Thoughts from WT: Intercollegiate Sports Organizations

Third in a series on intercollegiate athletics.

The National Collegiate Athletic Association (NCAA) is large (720 full-time employees and $1.06 billion in annual revenue). For decades, the weight of a dense bureaucracy and its impact on millions of intercollegiate athletes and multiplied millions of fans has been the altar on which institutional autonomy has been sacrificed. This gave force to Admiral Hyman Rickover’s famous quote: “If you are going to sin, sin against God, not against bureaucracy.” God will forgive you but the bureaucracy will not. Controlling such a complex matrix of organizational parameters is impossible without rigidity, which makes filing a federal tax return seem like a free game.

The challenges are recognized. Leading the NCAA for a decade, Mark Emmert has been humiliated by lawsuits over a student-athlete’s ability to be compensated for the use of their name, image and likeness (NIL). He wouldn’t fight an unwinnable battle. He suggested that the 1,200 institutions and organizations guided by NCAA regulations take a “less homogenous approach.” Finally, after a decade of leadership, with a breath of common sense sparked by tumultuous change plaguing the juggernaut, the NCAA has folded its tent on a matter of critical importance. In an interview with The Associated Press, Emmert joked, “You know, if we were to rebuild college sports, and in 2020 instead of 1920, what would that look like?” He continued, “What would we change? What would we expect or want to be different in how we handle it? And it’s good. It is the right time. After a century? Ten years ago, that would have been a bold move. At the moment, Big 12 commissioner Bob Bowles has suggested that the NCAA prospect, NIL, “was meant to save us from being sued.” Authentic leadership prescribes a path to a powerful future and moves forward, sustained by the support of those who are led.
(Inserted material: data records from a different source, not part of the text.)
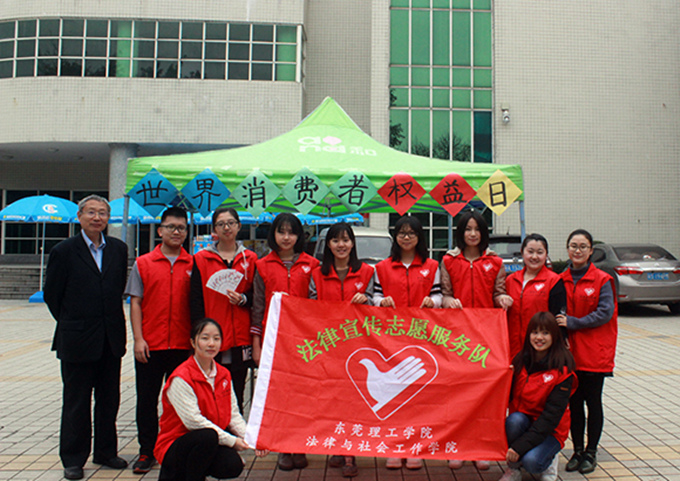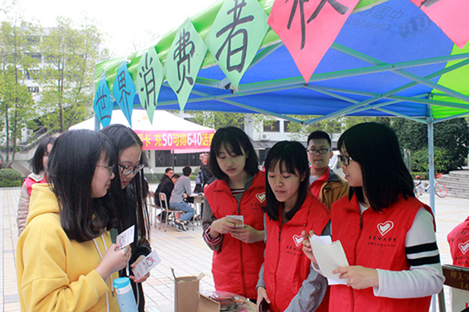 团总支法律宣传志愿服务队于世界消费者权益保护日,在一饭门前开展摆摊活动,宣传消费者权益保护知识。
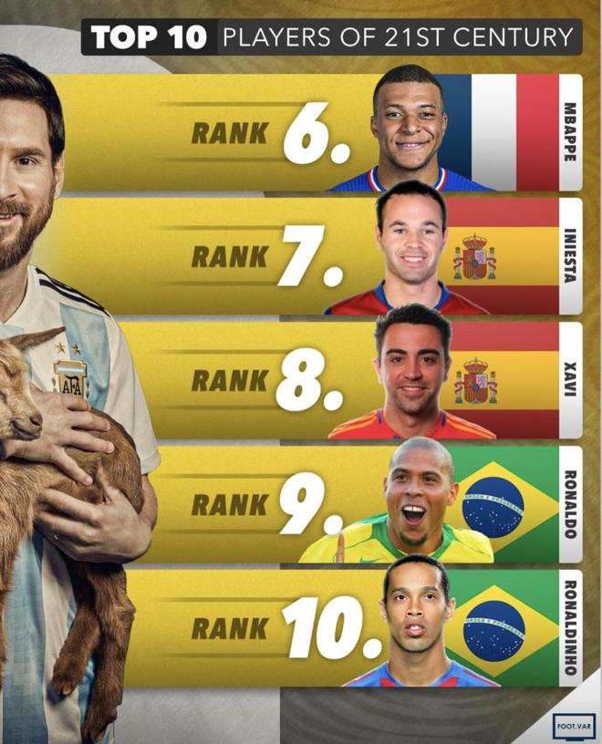 前二不动;第3到第5更该在齐达内、莫德里奇、伊涅斯塔/哈维里排列;亨利落到第6到第8更合理;姆巴佩先放第7到第10更稳;罗纳尔多、罗纳尔迪尼奥至少应该有人往前提一档。
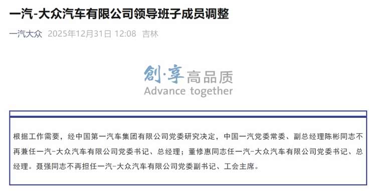 随着上述公告的发布,此前坊间热议多日的一汽-大众管理层调整传闻,在2025年收官之日正式得到印证。

The challenge is now what it has always been. Similarities between Division I and Division III conferences are non-existent. Compare Alabama (and Nick Saban) in the Southeastern Conference to Huntingdon College (and Mike Turk) in the US Southern Conference: Both in Alabama require pitches, balls, helmets and cleats . After that, the similarities evaporate. Organizations with this range of mission, purpose, resources and impact must be governed in response to mission and direction. Both institutions are excellent (as are the coaches) but radically different. According to 2020 NCAA data, nationally, total revenue generated ranges from $392 million for the largest Division I budget to $10,850 for the smallest Division III budget. Immeasurable billions of dollars flow into institutions and individual communities, impacting the economy, and 3% of schools get 97% of the attention. This is not surprising, although a little disappointing. True student-athletes can get involved in most schools.

The caveats about the influence of money on intercollegiate athletics are not new. We saw it at the beginning of the 20th century at Yale. In a study published in “College Sports”, concerns about the impact of money on college sports have again been raised. The basketball scandal of 1951 and 1952, the corruption that developed after World War II, the critique of the profit motive, the professional aspect of the amateur status of players, NIL, the challenges of university education and the role of alumni, coaches, and institutions and the negative impacts they have brought to intercollegiate athletics. It was half a century after the payola revelations to a Yale celebrity.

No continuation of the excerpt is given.